Theorem 1 (see [2]). —
If G is a simple graph with n vertices, where n ≥ 3 and δ(G) ≥ n/2, then G contains a Hamiltonian cycle.
Later Ore in 1960 presented a highly celebrated result where a lower bound for the degree sum of nonadjacent pairs of vertices was used to force the existence of a Hamiltonian cycle. In particular, Ore proved the following theorem, where d u denotes the degree of the vertex u.
Theorem 2 (see [3]). —
Let G be a simple graph with n vertices and u, v distinct nonadjacent vertices of G with d u + d v ≥ n. Then, G has a Hamiltonian cycle.

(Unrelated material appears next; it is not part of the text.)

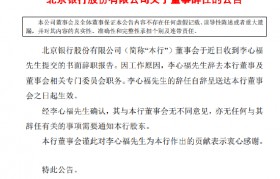 12月18日金融一线消息,北京银行发布公告,董事会于近日收到李心福提交的书面辞职报告。因工作原因...

A graph satisfying Ore's condition has a diameter of only two [4], where the diameter of a graph is the longest distance between two vertices. But if a sufficient condition can be derived for a graph with diameter more than two, Hamiltonian path or cycle may be found with fewer edges. With this motivation, Rahman and Kaykobad [5] proposed a sufficient condition to find a Hamiltonian Path in a graph involving the parameter δ(u, v), which denotes the length of the shortest path between u and v.
Theorem 3 (see [5]). —
Let G = (V, E) be a connected graph with n vertices such that for all pairs of distinct nonadjacent vertices u, v ∈ V one has d u + d v + δ(u, v) ≥ n + 1. Then, G has a Hamiltonian path.

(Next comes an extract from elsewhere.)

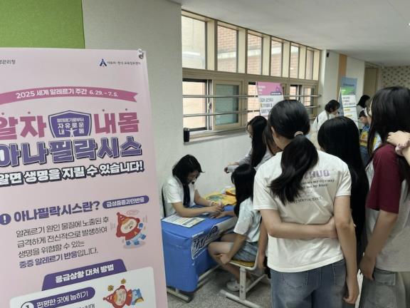 센터는 이번 캠페인을 어린이 눈높이에 맞춘 체험 중심의 홍보 부스로 운영했다. 주요 프로그램은 ▲아나필락시스 응급약물 사용법 실습 및 교육 ▲경피수분측정기를 활용한 피부 수분 측정 ▲‘알레르기 하우스’ 저금통 만들기 ▲OX 퀴즈를 통한 알레르기 바로알기 체험 ▲용인특례시 마스코트 ‘조아용’을 활용한 포토존 등으로 이뤄졌다.

In some subsequent literature, the condition “d u + d v + δ(u, v) ≥ n + 1, where u, v are distinct nonadjacent vertices of a graph having n vertices,” is referred to as the “Rahman-Kaykobad” condition. A number of interesting results were achieved extending and using the “Rahman-Kaykobad” condition as listed below.
Theorem 4 (see [6]). —
Let G be a 2-connected graph which satisfies the “Rahman-Kaykobad” condition. If G contains a Hamiltonian path with endpoints at distance 3, then G contains a Hamiltonian cycle.
Theorem 5 (see [7]). —
Let G be a connected graph which satisfies the “Rahman-Kaykobad” condition. Then, either G contains a Hamiltonian cycle or G belongs to some specific classes of graphs.
Theorem 6 (see [8]). —
Let G be a 2-connected graph with n ≥ 3 vertices. If d u + d v ≥ n − 1 for every pair of vertices u and v with δ(u, v) = 2, then G contains a Hamiltonian cycle, unless n is odd and G belongs to some specific classes of graphs.

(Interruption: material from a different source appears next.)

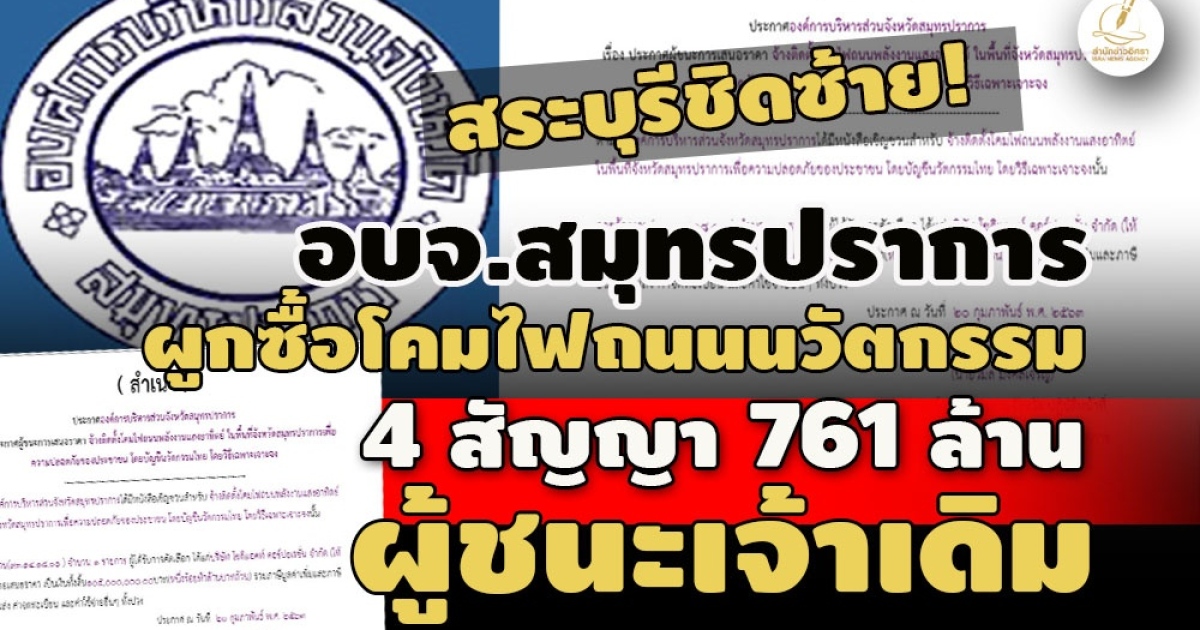 - ยอดพุ่ง 454 ล.! อบจ.สระบุรีซื้อโคมไฟถนนนวัตกรรม 5 สัญญา บ.กลุ่มเดิมรับซอง-แต่ไม่ยื่นแข่ง

The sufficient conditions of Theorems 4, 5, and 6 can be seen as incremental improvements over the result of Rahman and Kaykobad [5]. To the best of our knowledge, the latest and the best (so far) result of “Rahman-Kaykobad” condition was reported in [9]. In particular, in [9], the authors show that “Rahman-Kaykobad” condition is “almost” sufficient to make a graph pancyclic, where a graph is pancyclic if it contains a cycle of length k for 3 ≤ k ≤ n.
Theorem 7 (see [9]). —
Let G be a 2-connected graph of order n ≥ 6, which satisfies the “Rahman-Kaykobad” condition. Then, either G is pancyclic or G belongs to some specific classes of graphs.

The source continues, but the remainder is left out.